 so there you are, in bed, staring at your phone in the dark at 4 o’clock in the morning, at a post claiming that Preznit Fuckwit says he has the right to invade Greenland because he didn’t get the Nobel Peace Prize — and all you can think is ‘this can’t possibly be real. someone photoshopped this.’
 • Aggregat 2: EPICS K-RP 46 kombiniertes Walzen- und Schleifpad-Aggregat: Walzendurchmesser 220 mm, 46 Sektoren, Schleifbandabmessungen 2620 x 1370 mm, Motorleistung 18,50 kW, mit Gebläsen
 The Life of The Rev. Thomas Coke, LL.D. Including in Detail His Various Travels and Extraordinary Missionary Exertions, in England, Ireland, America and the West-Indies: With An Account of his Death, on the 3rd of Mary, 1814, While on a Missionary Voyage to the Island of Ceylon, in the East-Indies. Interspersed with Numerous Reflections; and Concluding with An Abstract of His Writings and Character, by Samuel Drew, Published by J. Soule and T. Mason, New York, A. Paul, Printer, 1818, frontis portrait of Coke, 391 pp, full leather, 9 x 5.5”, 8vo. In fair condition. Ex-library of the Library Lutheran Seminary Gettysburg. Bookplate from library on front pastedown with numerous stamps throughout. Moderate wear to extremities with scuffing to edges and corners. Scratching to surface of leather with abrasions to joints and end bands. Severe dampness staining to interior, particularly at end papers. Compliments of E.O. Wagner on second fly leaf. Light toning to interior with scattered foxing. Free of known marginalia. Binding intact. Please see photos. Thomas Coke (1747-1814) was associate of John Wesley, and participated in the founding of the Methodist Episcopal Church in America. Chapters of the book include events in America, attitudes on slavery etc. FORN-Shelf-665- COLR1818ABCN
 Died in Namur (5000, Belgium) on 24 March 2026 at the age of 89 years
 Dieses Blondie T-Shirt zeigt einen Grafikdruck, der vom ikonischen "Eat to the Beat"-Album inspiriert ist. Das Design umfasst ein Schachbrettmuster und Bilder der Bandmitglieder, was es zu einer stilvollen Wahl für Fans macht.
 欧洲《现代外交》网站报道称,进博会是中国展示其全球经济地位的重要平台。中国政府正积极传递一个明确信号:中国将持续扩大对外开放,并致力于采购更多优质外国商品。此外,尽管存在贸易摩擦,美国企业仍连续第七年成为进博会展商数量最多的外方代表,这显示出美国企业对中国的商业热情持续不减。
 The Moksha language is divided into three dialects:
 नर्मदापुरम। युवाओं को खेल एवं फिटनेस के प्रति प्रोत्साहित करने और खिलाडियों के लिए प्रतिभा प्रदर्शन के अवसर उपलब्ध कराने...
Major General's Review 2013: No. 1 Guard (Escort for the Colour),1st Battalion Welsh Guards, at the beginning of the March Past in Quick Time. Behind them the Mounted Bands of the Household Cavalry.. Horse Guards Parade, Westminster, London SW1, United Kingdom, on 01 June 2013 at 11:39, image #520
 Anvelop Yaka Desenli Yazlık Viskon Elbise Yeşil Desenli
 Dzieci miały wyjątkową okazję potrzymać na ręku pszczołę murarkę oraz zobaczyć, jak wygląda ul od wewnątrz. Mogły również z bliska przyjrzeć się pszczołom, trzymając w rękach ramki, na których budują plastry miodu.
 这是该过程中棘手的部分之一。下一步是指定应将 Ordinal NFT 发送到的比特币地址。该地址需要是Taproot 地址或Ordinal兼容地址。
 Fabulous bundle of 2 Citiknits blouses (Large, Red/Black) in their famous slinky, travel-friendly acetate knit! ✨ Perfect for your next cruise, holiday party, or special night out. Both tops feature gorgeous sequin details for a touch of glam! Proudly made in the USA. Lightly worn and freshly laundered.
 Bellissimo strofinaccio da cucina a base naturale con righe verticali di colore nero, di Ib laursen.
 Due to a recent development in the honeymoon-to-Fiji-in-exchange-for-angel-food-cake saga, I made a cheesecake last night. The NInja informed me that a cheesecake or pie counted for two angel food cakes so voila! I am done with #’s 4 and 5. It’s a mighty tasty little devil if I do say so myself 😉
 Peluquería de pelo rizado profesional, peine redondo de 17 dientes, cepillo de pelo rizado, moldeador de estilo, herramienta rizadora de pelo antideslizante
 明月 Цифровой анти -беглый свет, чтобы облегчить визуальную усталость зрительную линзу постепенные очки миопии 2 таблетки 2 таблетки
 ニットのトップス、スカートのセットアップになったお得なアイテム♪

| WORK TO COMPLETE |
Once you reach the line with "Anvelop Yaka Desenli" in the data above, copy it and every line after it exactly, up to and including the line with "这是该过程中棘手的部分之一。下一步是指定应将 Ordinal NFT".

| SOLUTION FOR THIS PROBLEM |
 Anvelop Yaka Desenli Yazlık Viskon Elbise Yeşil Desenli
 Dzieci miały wyjątkową okazję potrzymać na ręku pszczołę murarkę oraz zobaczyć, jak wygląda ul od wewnątrz. Mogły również z bliska przyjrzeć się pszczołom, trzymając w rękach ramki, na których budują plastry miodu.
 这是该过程中棘手的部分之一。下一步是指定应将 Ordinal NFT 发送到的比特币地址。该地址需要是Taproot 地址或Ordinal兼容地址。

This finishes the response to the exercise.